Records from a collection
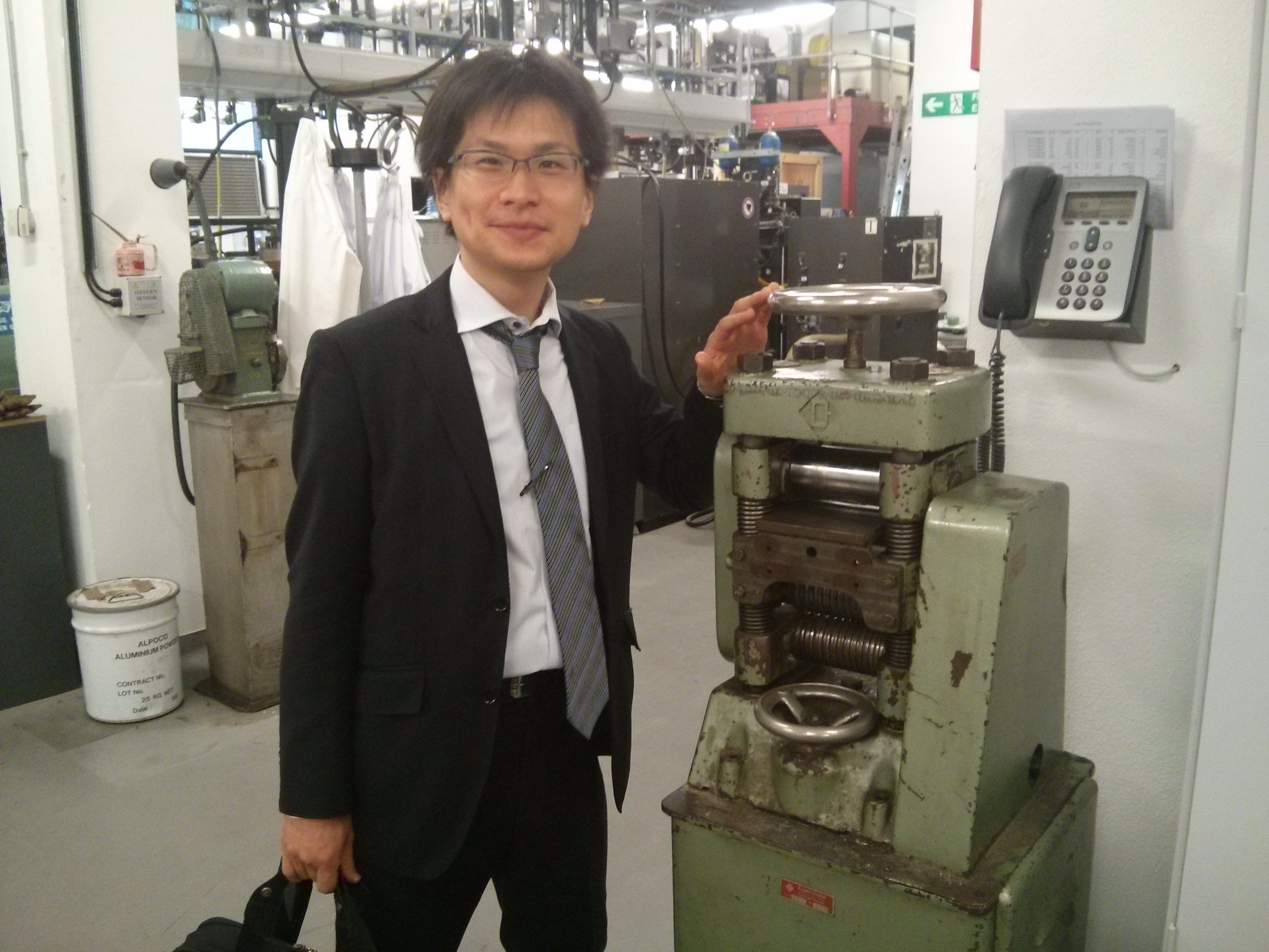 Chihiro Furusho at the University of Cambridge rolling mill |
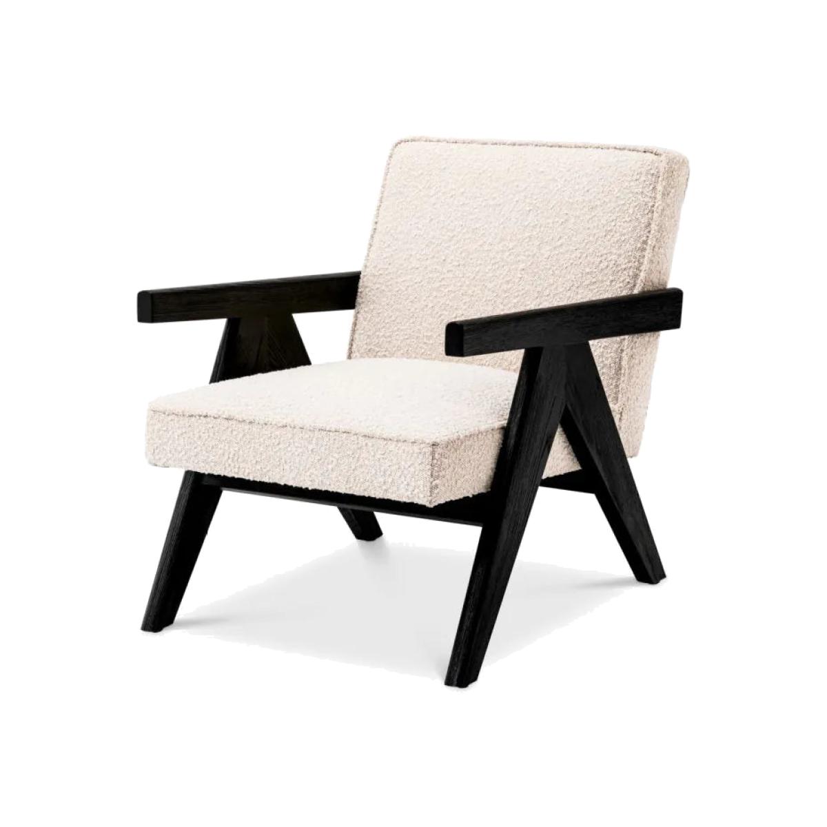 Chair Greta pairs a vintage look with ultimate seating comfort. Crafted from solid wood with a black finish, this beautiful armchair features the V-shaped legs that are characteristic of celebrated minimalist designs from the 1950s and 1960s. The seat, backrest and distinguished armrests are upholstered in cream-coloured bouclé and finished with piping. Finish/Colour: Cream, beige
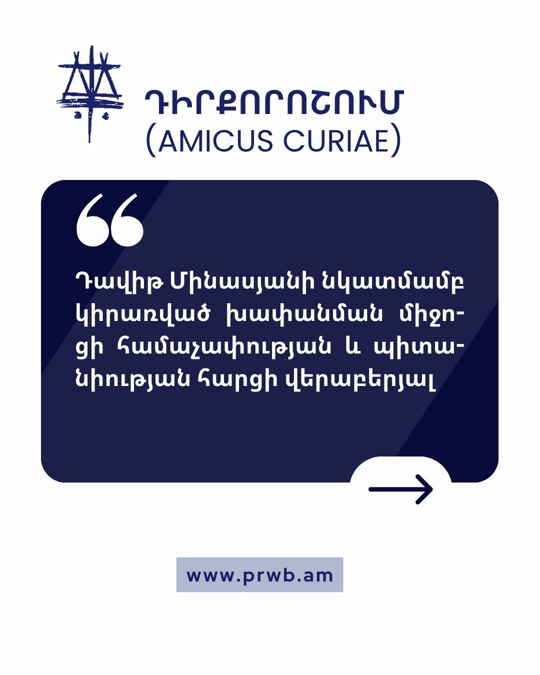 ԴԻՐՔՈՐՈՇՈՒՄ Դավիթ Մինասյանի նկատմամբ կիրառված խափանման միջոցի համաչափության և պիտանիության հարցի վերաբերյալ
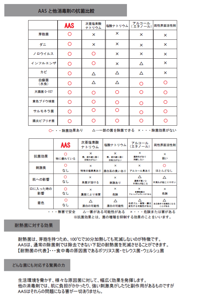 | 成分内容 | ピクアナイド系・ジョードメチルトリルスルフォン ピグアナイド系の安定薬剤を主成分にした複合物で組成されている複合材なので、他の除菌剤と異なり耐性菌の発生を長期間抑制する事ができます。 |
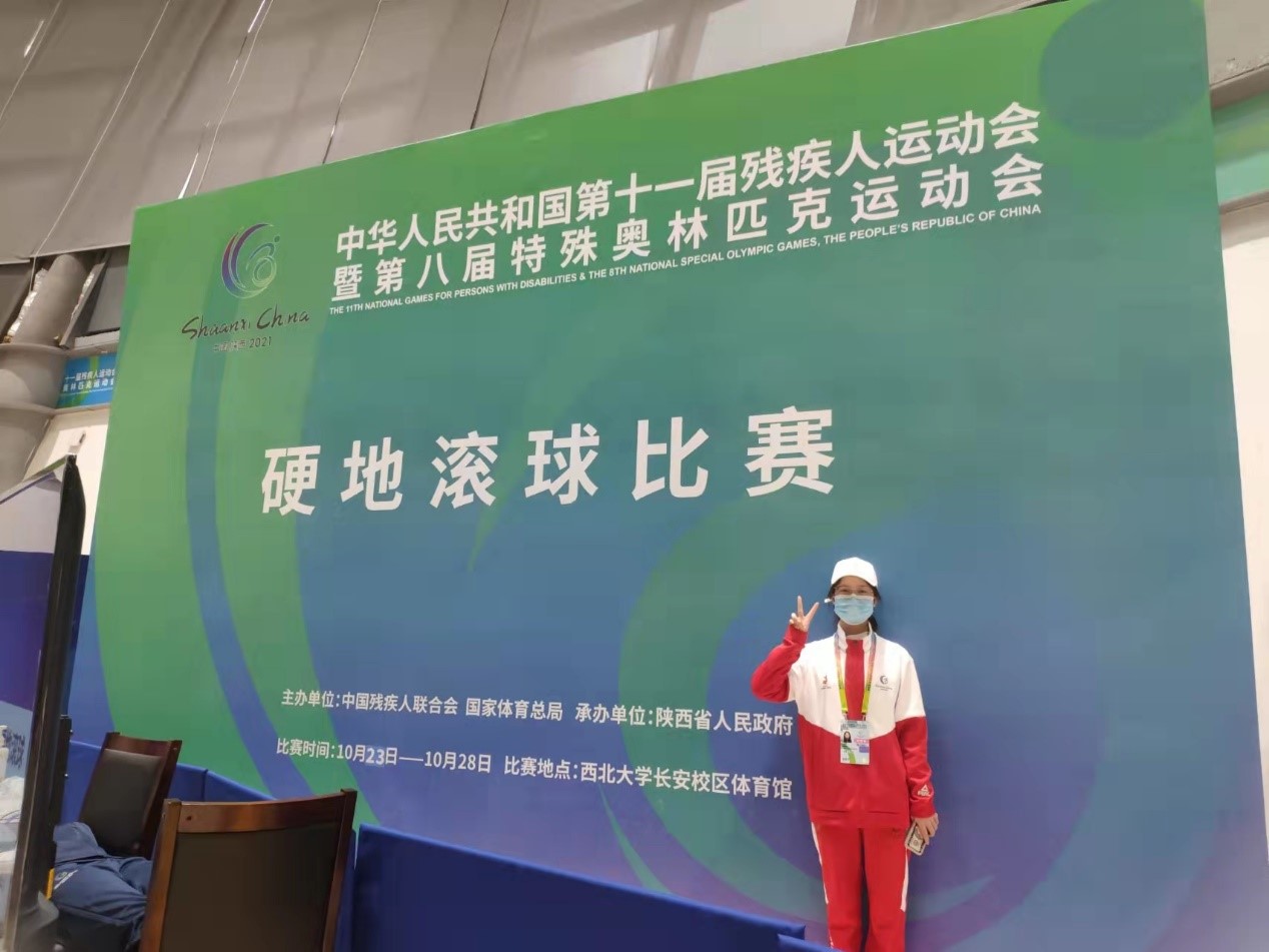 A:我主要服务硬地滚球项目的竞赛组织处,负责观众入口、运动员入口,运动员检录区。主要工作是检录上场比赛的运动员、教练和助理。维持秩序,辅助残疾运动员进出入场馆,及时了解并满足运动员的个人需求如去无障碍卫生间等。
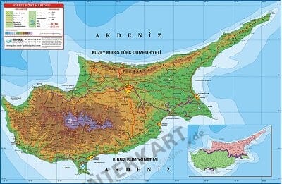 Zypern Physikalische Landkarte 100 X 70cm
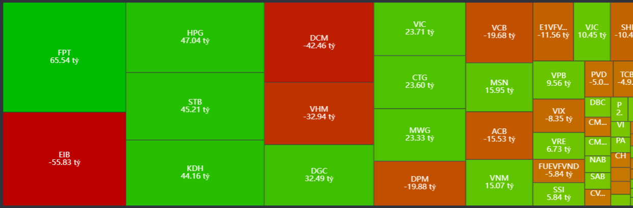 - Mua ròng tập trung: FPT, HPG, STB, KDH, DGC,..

*What this task involves:* Lines starting at the one with "Chair Greta pairs" and ending at the last line of the entries above must be restated word for word, with pictures omitted.

*Answer for the task:*
 Chair Greta pairs a vintage look with ultimate seating comfort. Crafted from solid wood with a black finish, this beautiful armchair features the V-shaped legs that are characteristic of celebrated minimalist designs from the 1950s and 1960s. The seat, backrest and distinguished armrests are upholstered in cream-coloured bouclé and finished with piping. Finish/Colour: Cream, beige
 ԴԻՐՔՈՐՈՇՈՒՄ Դավիթ Մինասյանի նկատմամբ կիրառված խափանման միջոցի համաչափության և պիտանիության հարցի վերաբերյալ
 | 成分内容 | ピクアナイド系・ジョードメチルトリルスルフォン ピグアナイド系の安定薬剤を主成分にした複合物で組成されている複合材なので、他の除菌剤と異なり耐性菌の発生を長期間抑制する事ができます。 |
 A:我主要服务硬地滚球项目的竞赛组织处,负责观众入口、运动员入口,运动员检录区。主要工作是检录上场比赛的运动员、教练和助理。维持秩序,辅助残疾运动员进出入场馆,及时了解并满足运动员的个人需求如去无障碍卫生间等。
 Zypern Physikalische Landkarte 100 X 70cm
 - Mua ròng tập trung: FPT, HPG, STB, KDH, DGC,..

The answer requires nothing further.